• Data shown
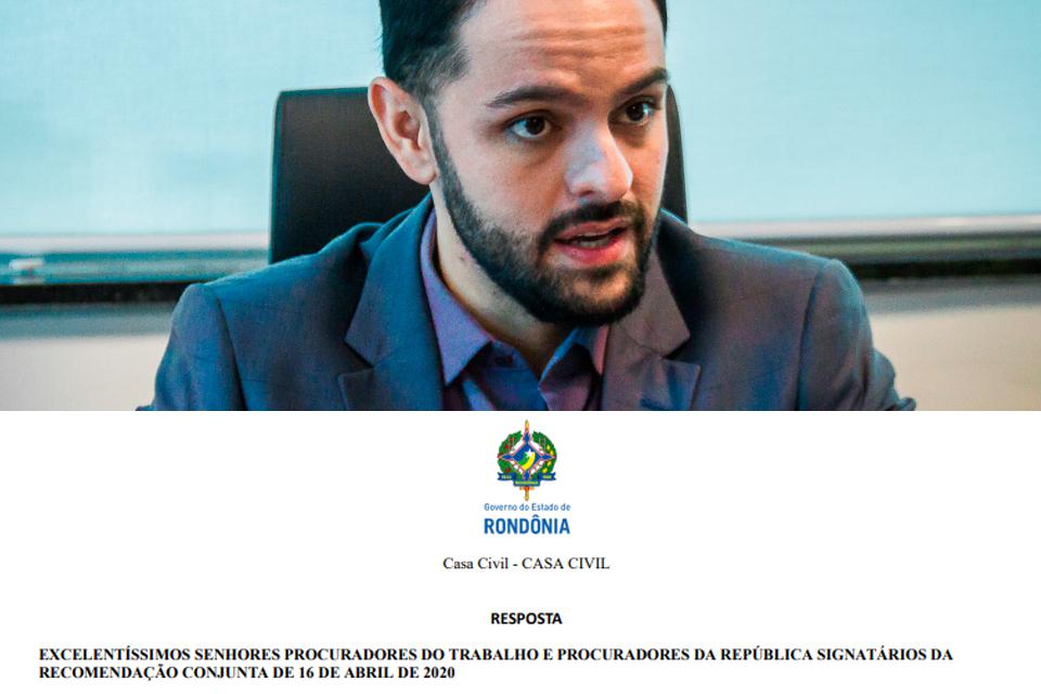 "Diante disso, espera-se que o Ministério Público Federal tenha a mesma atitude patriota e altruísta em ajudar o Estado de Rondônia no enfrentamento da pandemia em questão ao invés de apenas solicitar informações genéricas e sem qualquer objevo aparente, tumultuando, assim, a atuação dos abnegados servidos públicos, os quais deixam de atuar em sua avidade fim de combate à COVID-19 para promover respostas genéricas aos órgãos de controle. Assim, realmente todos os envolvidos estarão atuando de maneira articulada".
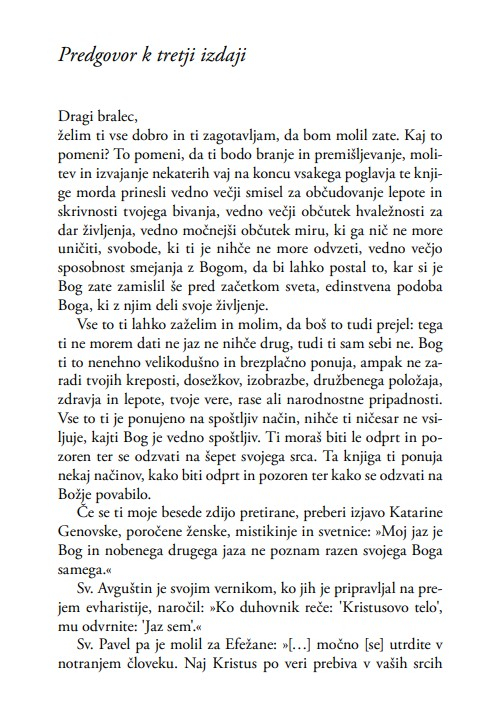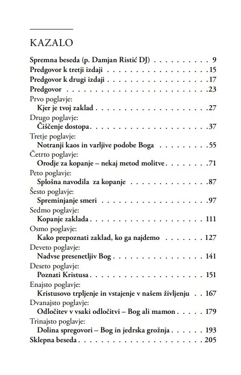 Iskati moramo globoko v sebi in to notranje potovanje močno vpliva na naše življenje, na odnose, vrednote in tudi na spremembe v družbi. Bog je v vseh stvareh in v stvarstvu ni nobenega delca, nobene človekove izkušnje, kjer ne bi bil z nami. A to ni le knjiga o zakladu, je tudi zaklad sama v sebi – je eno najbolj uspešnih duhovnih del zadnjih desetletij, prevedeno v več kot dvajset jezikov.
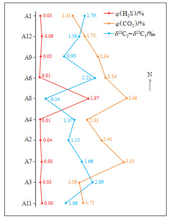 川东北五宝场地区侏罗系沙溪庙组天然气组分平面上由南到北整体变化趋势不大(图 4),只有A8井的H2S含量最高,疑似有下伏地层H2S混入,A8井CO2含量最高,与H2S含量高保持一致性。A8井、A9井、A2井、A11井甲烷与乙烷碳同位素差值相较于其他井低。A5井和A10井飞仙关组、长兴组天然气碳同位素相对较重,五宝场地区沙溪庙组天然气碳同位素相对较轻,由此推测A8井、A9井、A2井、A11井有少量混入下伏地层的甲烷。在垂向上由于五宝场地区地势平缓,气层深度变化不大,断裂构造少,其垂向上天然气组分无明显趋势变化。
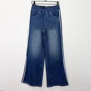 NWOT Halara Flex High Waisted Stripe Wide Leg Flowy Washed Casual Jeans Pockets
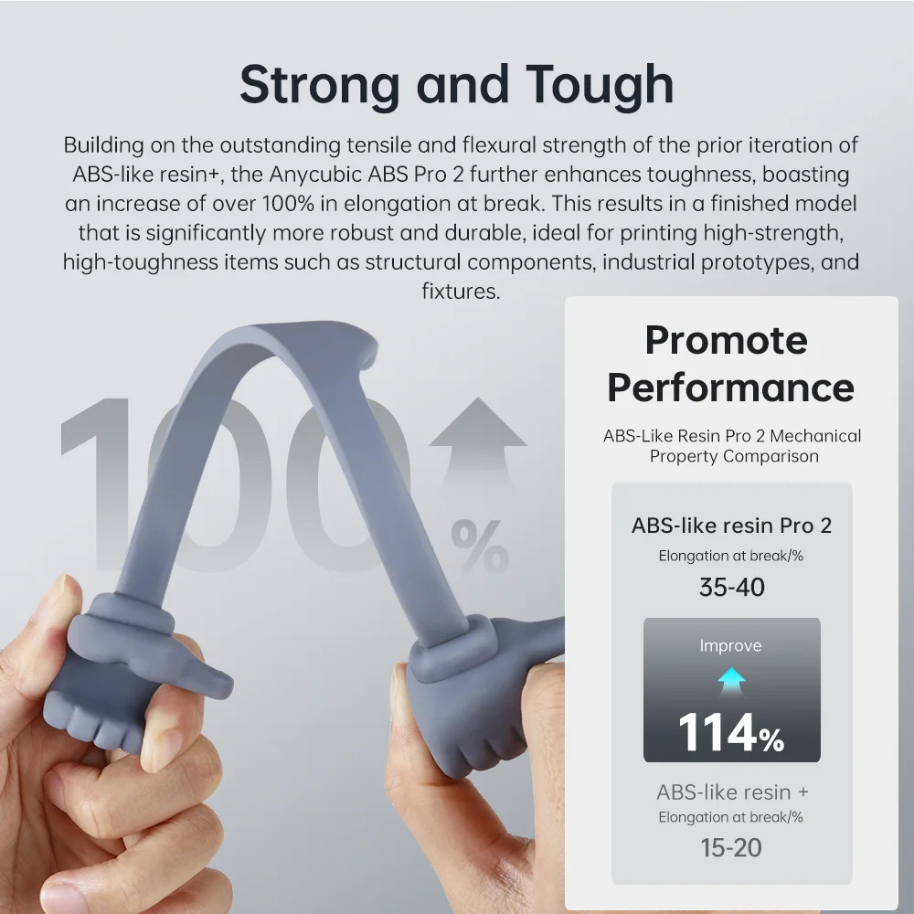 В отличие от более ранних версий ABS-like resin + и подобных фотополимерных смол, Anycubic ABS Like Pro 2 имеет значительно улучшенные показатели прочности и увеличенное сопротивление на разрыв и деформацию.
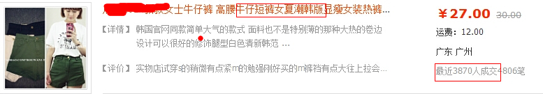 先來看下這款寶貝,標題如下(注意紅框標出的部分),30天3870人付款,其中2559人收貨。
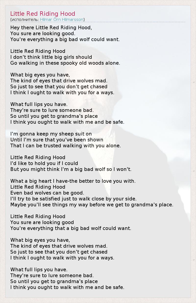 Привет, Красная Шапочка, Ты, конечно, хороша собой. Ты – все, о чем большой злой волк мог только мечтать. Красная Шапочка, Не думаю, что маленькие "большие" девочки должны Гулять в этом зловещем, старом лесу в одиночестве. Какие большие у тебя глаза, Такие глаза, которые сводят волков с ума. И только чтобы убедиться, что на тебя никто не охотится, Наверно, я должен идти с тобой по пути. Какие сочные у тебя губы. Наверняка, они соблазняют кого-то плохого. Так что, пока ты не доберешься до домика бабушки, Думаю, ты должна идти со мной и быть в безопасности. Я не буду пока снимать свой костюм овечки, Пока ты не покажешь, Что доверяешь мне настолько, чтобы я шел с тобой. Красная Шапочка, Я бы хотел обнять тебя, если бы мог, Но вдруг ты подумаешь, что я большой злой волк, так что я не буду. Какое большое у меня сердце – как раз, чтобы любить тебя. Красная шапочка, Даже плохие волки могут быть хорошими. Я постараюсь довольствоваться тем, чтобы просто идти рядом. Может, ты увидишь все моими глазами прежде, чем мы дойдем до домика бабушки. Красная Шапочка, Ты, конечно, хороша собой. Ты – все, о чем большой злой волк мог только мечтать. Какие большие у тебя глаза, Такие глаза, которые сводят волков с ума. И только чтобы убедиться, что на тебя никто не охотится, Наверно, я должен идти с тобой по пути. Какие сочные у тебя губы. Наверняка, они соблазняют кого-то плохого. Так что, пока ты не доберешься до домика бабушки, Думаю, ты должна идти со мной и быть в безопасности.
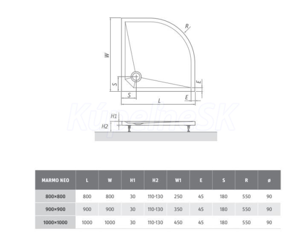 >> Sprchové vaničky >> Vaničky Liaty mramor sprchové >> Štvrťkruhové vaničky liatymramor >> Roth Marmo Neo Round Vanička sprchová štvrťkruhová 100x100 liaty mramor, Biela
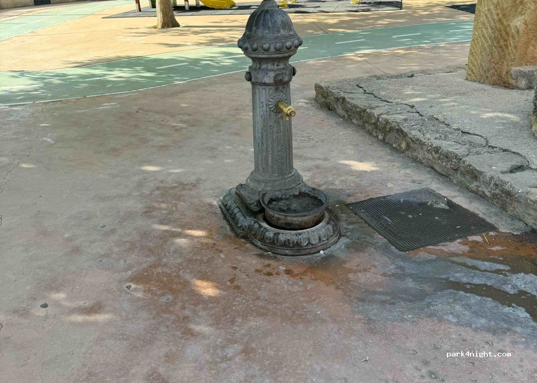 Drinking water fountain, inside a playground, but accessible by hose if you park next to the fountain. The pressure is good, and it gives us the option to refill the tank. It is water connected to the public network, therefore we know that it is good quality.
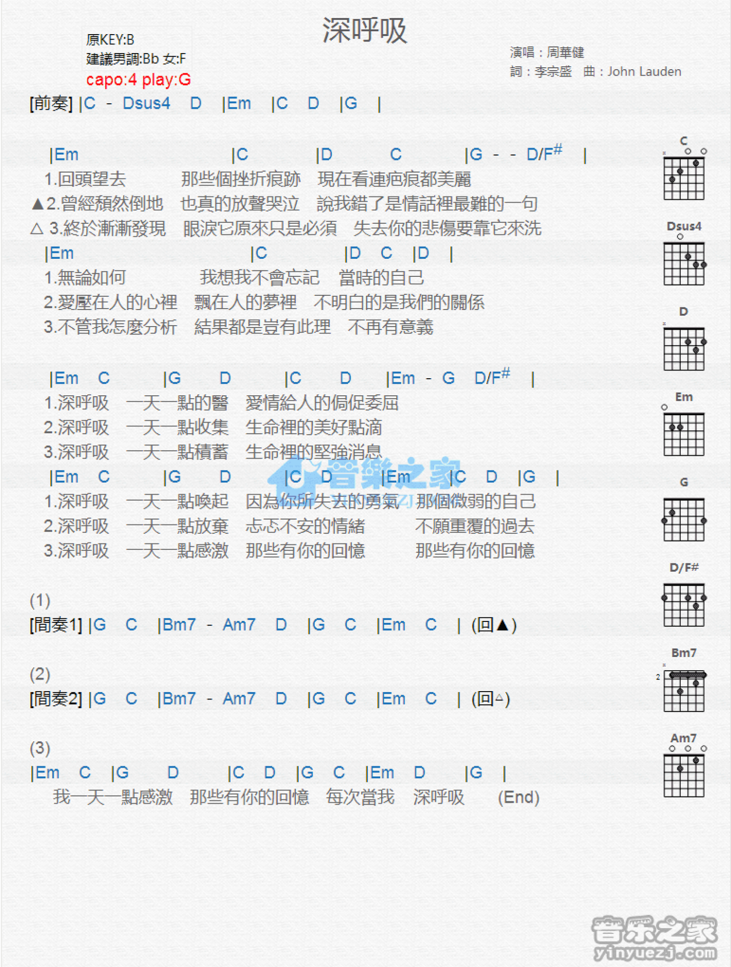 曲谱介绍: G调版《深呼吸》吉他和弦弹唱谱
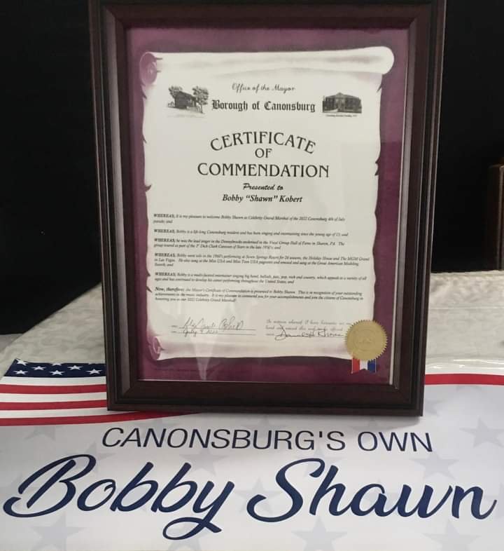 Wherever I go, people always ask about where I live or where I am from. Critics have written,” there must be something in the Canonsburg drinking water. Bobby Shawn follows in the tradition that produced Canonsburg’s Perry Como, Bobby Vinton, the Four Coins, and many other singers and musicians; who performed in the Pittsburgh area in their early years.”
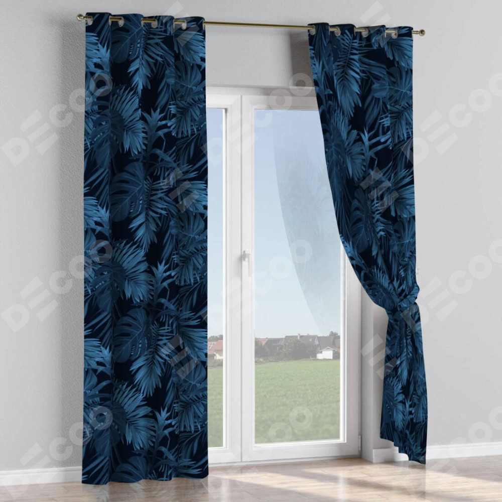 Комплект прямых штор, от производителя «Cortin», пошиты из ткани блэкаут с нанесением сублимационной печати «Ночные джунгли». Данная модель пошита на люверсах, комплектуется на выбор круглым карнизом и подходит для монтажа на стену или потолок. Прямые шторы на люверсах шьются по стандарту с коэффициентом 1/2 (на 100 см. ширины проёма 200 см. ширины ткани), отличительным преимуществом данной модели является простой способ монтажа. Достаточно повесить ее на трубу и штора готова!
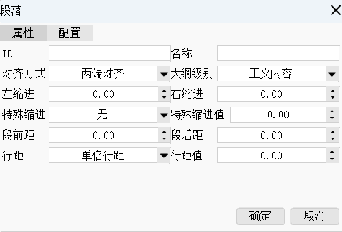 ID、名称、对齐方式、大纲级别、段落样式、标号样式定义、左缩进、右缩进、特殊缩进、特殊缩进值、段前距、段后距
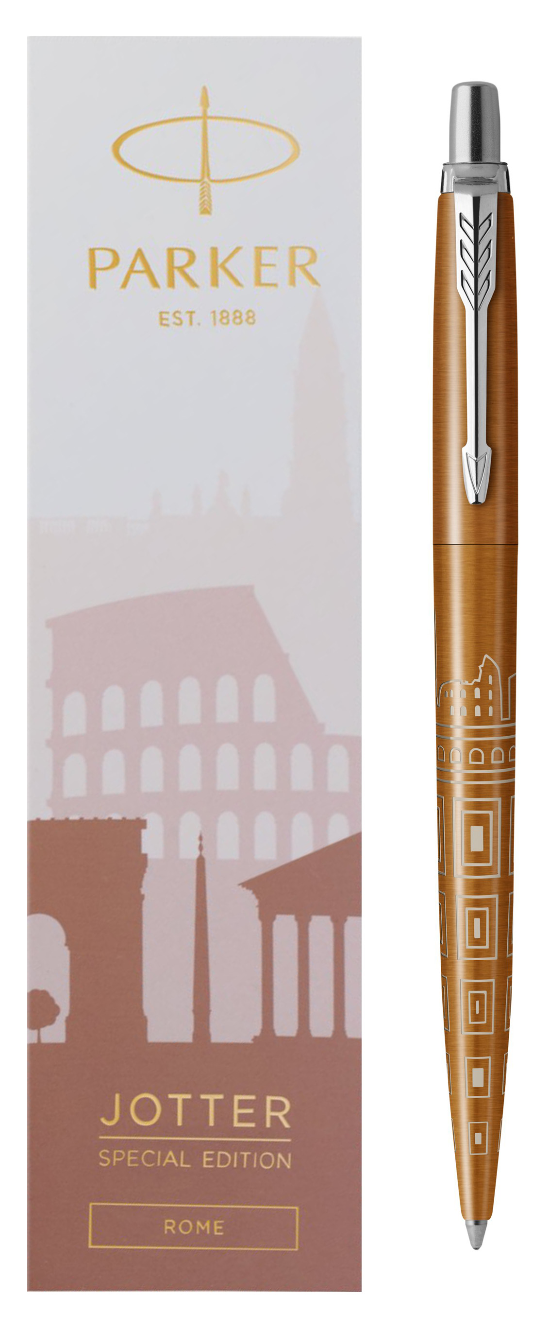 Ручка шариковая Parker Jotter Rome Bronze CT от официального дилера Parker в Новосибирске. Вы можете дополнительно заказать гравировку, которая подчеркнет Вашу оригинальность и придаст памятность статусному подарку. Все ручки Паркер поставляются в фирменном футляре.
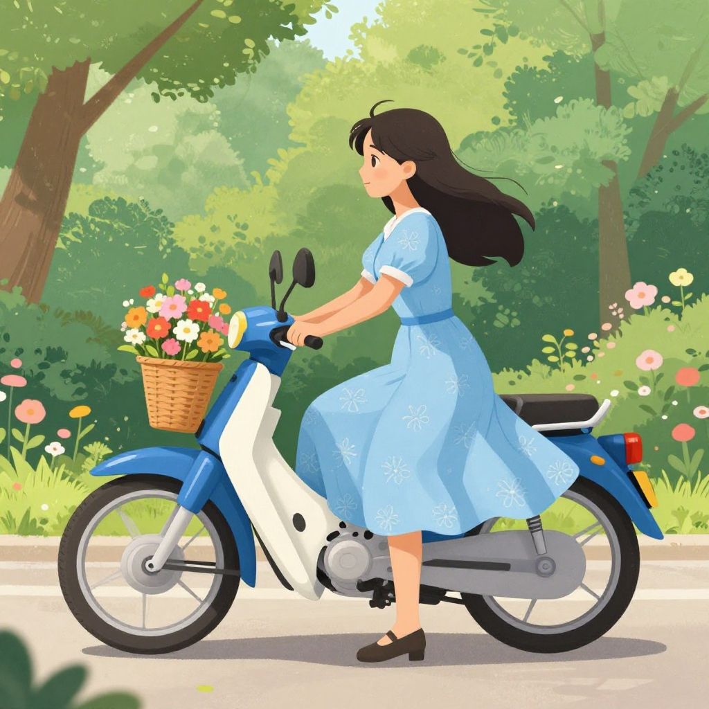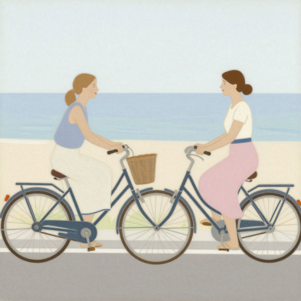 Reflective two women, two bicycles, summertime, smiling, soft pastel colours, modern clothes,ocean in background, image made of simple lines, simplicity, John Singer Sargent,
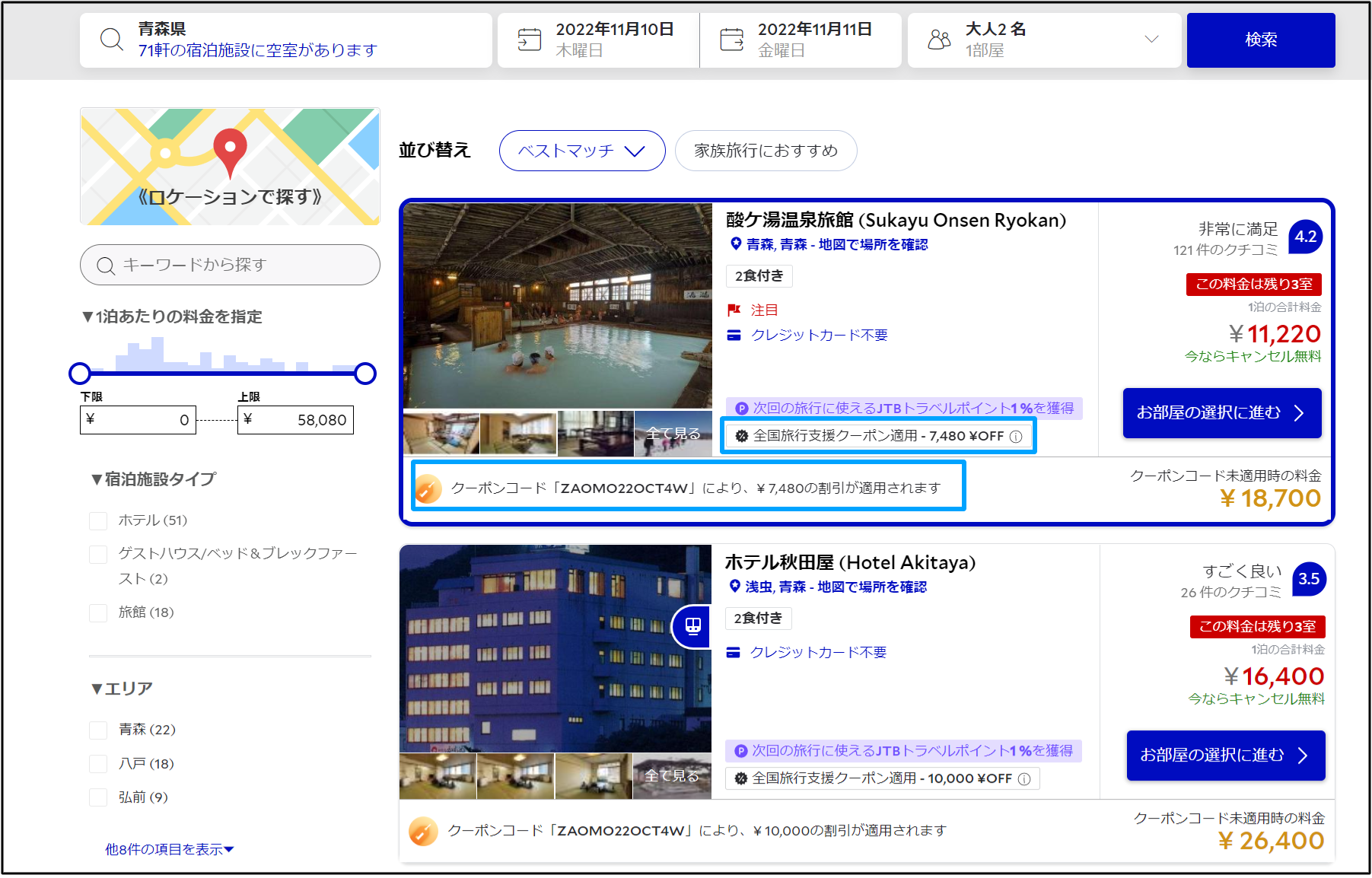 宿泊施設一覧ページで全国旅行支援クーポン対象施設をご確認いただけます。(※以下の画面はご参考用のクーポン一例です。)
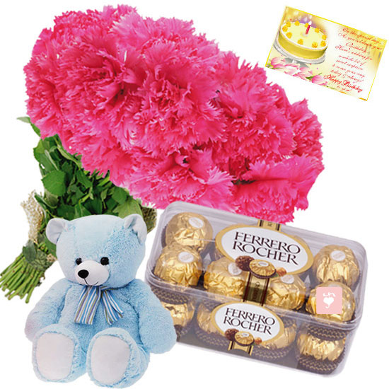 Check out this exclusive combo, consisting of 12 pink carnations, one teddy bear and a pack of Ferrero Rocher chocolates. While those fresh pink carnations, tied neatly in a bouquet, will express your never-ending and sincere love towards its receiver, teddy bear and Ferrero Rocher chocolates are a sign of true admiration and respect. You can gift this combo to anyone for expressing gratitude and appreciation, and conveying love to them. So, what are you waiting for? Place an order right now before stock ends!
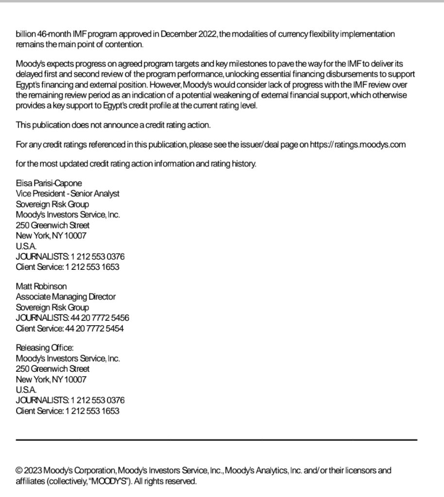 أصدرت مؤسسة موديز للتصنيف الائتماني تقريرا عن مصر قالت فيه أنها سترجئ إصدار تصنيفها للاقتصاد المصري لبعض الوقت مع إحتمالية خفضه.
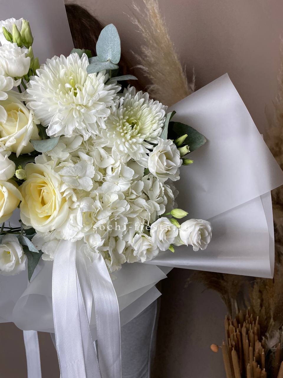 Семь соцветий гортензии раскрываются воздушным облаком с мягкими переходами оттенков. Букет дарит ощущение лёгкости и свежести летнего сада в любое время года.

• Task to carry out
Copy the lines above between the one holding "Ручка шариковая Parker" and the one holding "宿泊施設一覧ページで全国旅行", inclusive. Drop the pictures.

• Response for this exercise
 Ручка шариковая Parker Jotter Rome Bronze CT от официального дилера Parker в Новосибирске. Вы можете дополнительно заказать гравировку, которая подчеркнет Вашу оригинальность и придаст памятность статусному подарку. Все ручки Паркер поставляются в фирменном футляре.
 Reflective two women, two bicycles, summertime, smiling, soft pastel colours, modern clothes,ocean in background, image made of simple lines, simplicity, John Singer Sargent,
 宿泊施設一覧ページで全国旅行支援クーポン対象施設をご確認いただけます。(※以下の画面はご参考用のクーポン一例です。)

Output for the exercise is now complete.